── Listed records

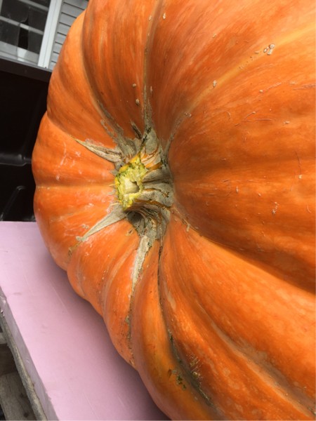 Hooked up my truck to pull the tractor and pumpkin out of the garden. This didnt go so well and dropped the pumpkin from about 12 inches. Damage done broke the stem.
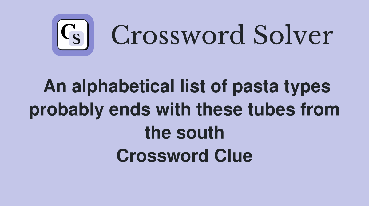 An alphabetical list of pasta types probably ends with these tubes from Pasta Tubes Crossword Clue Dan Word We will try to find the right answer to this particular crossword clue. The crossword solver found 30 answers to pasta tubes, 4 letters crossword clue. Web here is the answer for the crossword clue pasta tubes last seen in sun two speed puzzle. Web today's crossword puzzle clue is a quick one: Pasta tubes we have 4 answers for. Pasta Tubes Crossword Clue Dan Word.
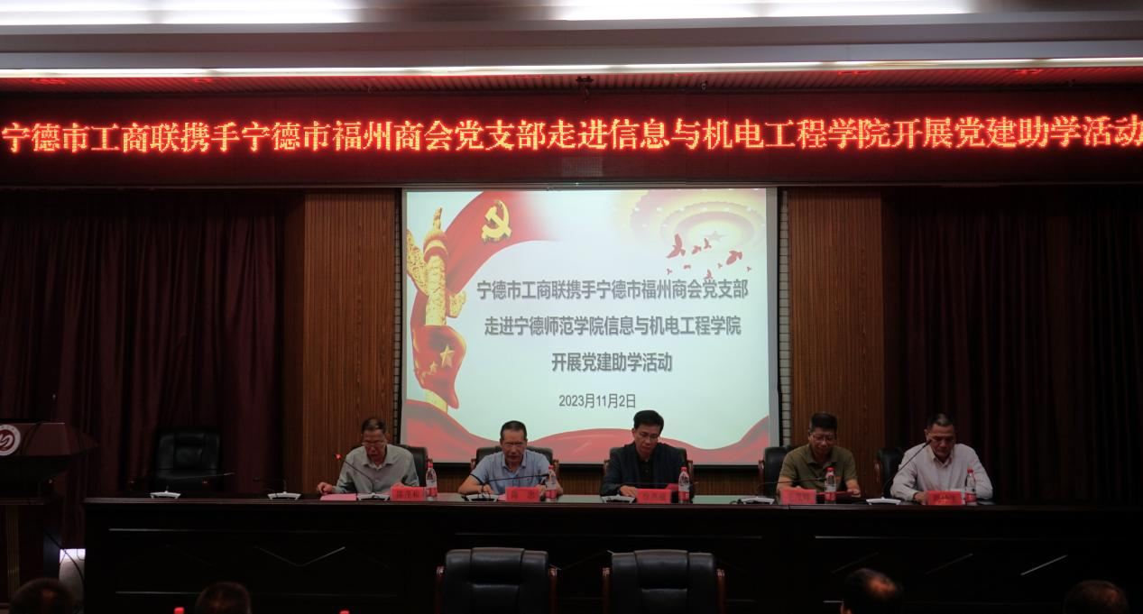 2023年11月2日,宁德市工商联携手宁德市福州商会党支部走进宁德师范学院信息与机电工程学院开展党建助学活动在行政楼三楼会议室召开。宁德市委统战部副部长徐燕蕴、宁德市工商联副主席陈忠、宁德市福州商会会长周仲生、宁德师范学院学院学工处处长毛茂峰以及宁德市福州商会党支部党支部企业家代表等领导共计60人出席了捐资助学仪式。
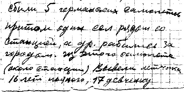 «Задерживается много шпионов и диверсантов на станциях». «Здесь один воинский эшелон привезли весь скошенный пулеметным огнем. Живых осталось очень мало, правда, я сам этого не видел». «Кончаю, т. к. опять начинают летать штуки, за которыми интересно наблюдать».
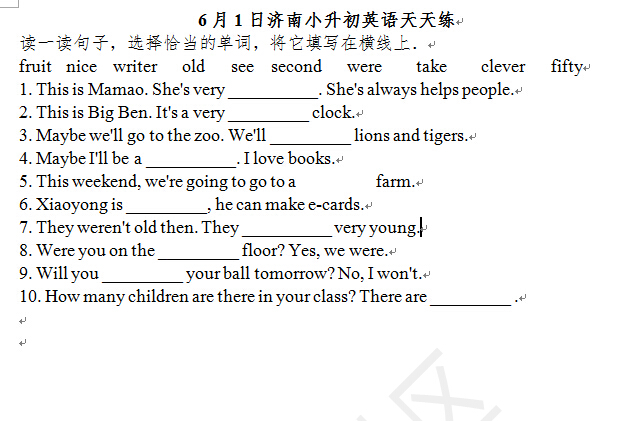 2016济南小升初择校备考开始啦,济南学而思的老师们为了帮助2016济南小升初的孩子们走就自己心仪的学校,每周一至周五更新一练2016小升初英语摸底测试题,并在第二天更新答案,下面就开始6月1日第一百一十二天的摸底测试吧。
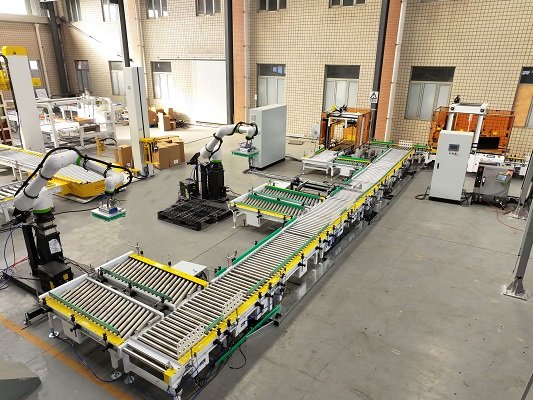 全自動(dòng)伺服封箱機(jī)是采用伺服電機(jī)為主要驅(qū)動(dòng)機(jī)構(gòu),針對不同紙箱的混產(chǎn)情況,用戶可提前將所有紙箱錄入封箱機(jī)內(nèi),由上位機(jī)與封箱機(jī)通訊,可實(shí)現(xiàn)紙箱的一鍵換產(chǎn),一字封與工字封可任意切換和選擇,尾端配有貼標(biāo)和移載機(jī)構(gòu),由光電識別將不同的紙箱碼到不同的托盤上,該線體配備了進(jìn)口協(xié)作式機(jī)器人,立柱可升降,充分滿足不同高度及垛型的需求。性能更穩(wěn)定,占地面積小,成本低。
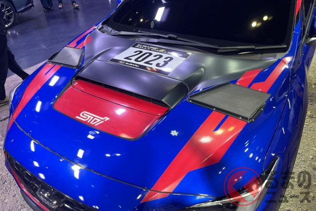 両車ともに、「WRブルー」のボディカラーにSTIを象徴する「チェリーレッド」のアクセントがところどころに施されたカラーリングが特徴的。東京オートサロンの会場でも多くの来場者から注目を集めていました。
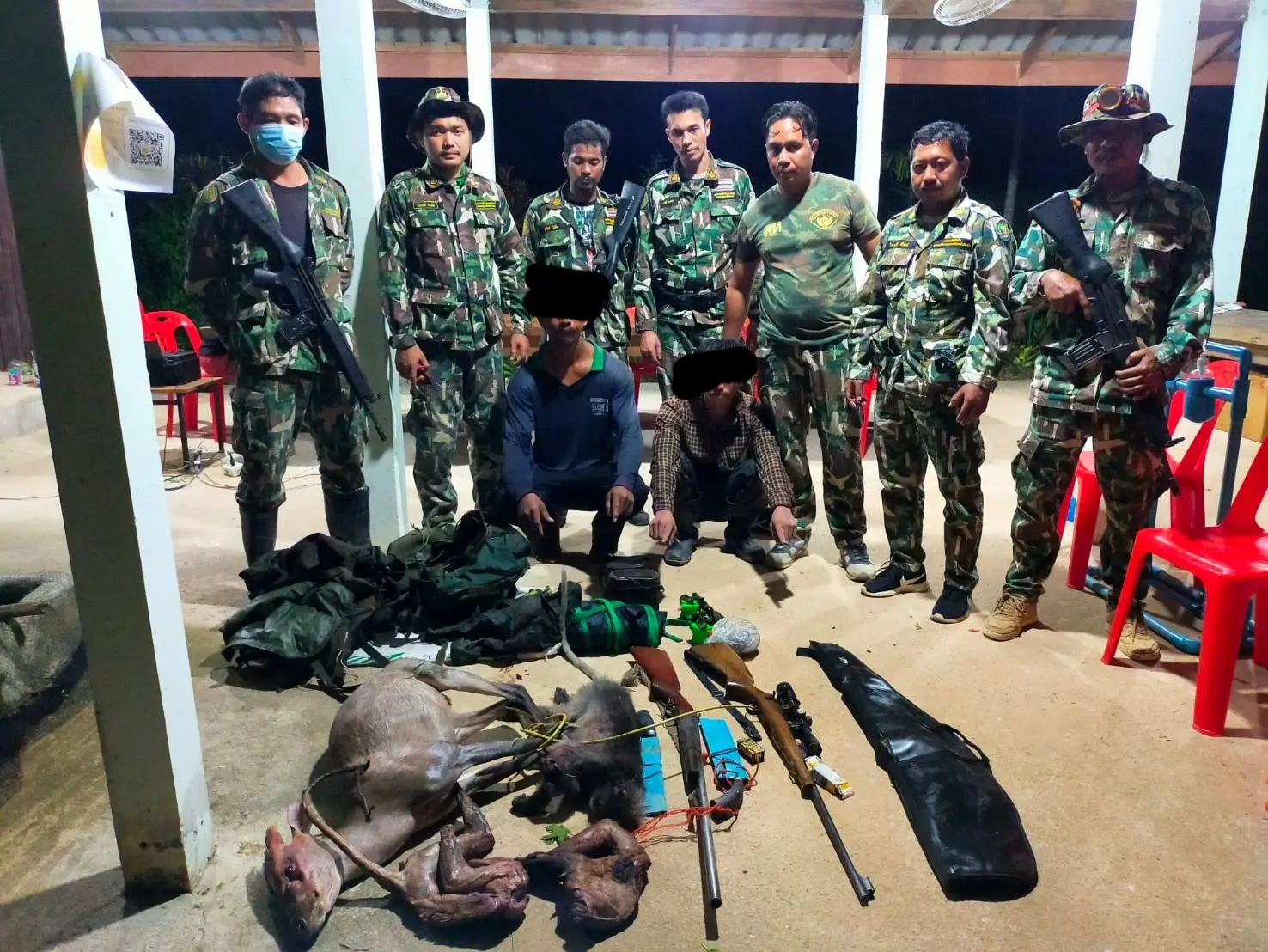 เจ้าหน้าที่เขตรักษาพันธุ์สัตว์ป่า อุทยาน จ.ชุมพร รวบ 2 คนร้าย พร้อมของกลาง ซากสัตว์ป่าคุ้มครอง และอาวุธปืนส่ง สภ.สลุย ดำเนินคดีตามกฎหมาย
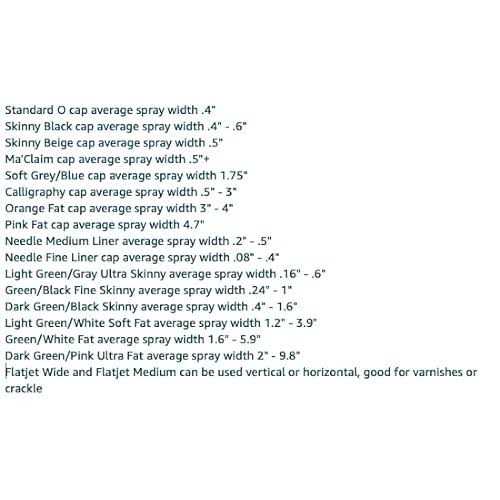 - These caps can be interchanged to get the right spray width for your artwork.
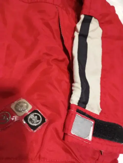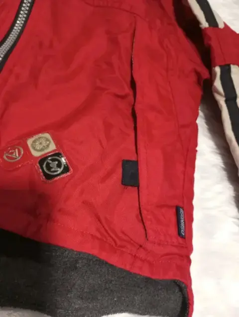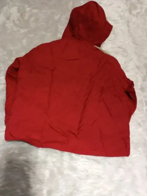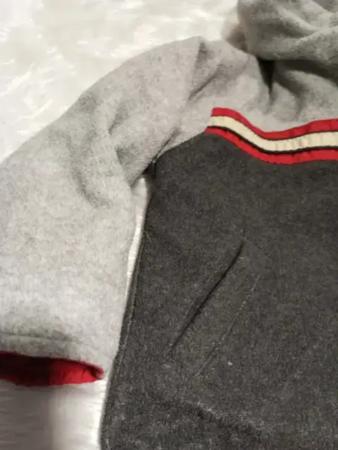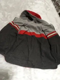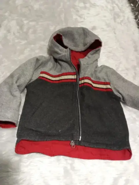Chamarra de doble vista, por un lado es roja y por otro es gris afelpado, tiene capucha y tres bolsillos, talla 24 meses.

────

** Problem to work on **
The answer should be the full material above, printed exactly, with no pictures in it.

** Answer **
 Hooked up my truck to pull the tractor and pumpkin out of the garden. This didnt go so well and dropped the pumpkin from about 12 inches. Damage done broke the stem.
 An alphabetical list of pasta types probably ends with these tubes from Pasta Tubes Crossword Clue Dan Word We will try to find the right answer to this particular crossword clue. The crossword solver found 30 answers to pasta tubes, 4 letters crossword clue. Web here is the answer for the crossword clue pasta tubes last seen in sun two speed puzzle. Web today's crossword puzzle clue is a quick one: Pasta tubes we have 4 answers for. Pasta Tubes Crossword Clue Dan Word.
 2023年11月2日,宁德市工商联携手宁德市福州商会党支部走进宁德师范学院信息与机电工程学院开展党建助学活动在行政楼三楼会议室召开。宁德市委统战部副部长徐燕蕴、宁德市工商联副主席陈忠、宁德市福州商会会长周仲生、宁德师范学院学院学工处处长毛茂峰以及宁德市福州商会党支部党支部企业家代表等领导共计60人出席了捐资助学仪式。
 «Задерживается много шпионов и диверсантов на станциях». «Здесь один воинский эшелон привезли весь скошенный пулеметным огнем. Живых осталось очень мало, правда, я сам этого не видел». «Кончаю, т. к. опять начинают летать штуки, за которыми интересно наблюдать».
 2016济南小升初择校备考开始啦,济南学而思的老师们为了帮助2016济南小升初的孩子们走就自己心仪的学校,每周一至周五更新一练2016小升初英语摸底测试题,并在第二天更新答案,下面就开始6月1日第一百一十二天的摸底测试吧。
 全自動(dòng)伺服封箱機(jī)是采用伺服電機(jī)為主要驅(qū)動(dòng)機(jī)構(gòu),針對不同紙箱的混產(chǎn)情況,用戶可提前將所有紙箱錄入封箱機(jī)內(nèi),由上位機(jī)與封箱機(jī)通訊,可實(shí)現(xiàn)紙箱的一鍵換產(chǎn),一字封與工字封可任意切換和選擇,尾端配有貼標(biāo)和移載機(jī)構(gòu),由光電識別將不同的紙箱碼到不同的托盤上,該線體配備了進(jìn)口協(xié)作式機(jī)器人,立柱可升降,充分滿足不同高度及垛型的需求。性能更穩(wěn)定,占地面積小,成本低。
 両車ともに、「WRブルー」のボディカラーにSTIを象徴する「チェリーレッド」のアクセントがところどころに施されたカラーリングが特徴的。東京オートサロンの会場でも多くの来場者から注目を集めていました。
 เจ้าหน้าที่เขตรักษาพันธุ์สัตว์ป่า อุทยาน จ.ชุมพร รวบ 2 คนร้าย พร้อมของกลาง ซากสัตว์ป่าคุ้มครอง และอาวุธปืนส่ง สภ.สลุย ดำเนินคดีตามกฎหมาย
 - These caps can be interchanged to get the right spray width for your artwork.
Chamarra de doble vista, por un lado es roja y por otro es gris afelpado, tiene capucha y tres bolsillos, talla 24 meses.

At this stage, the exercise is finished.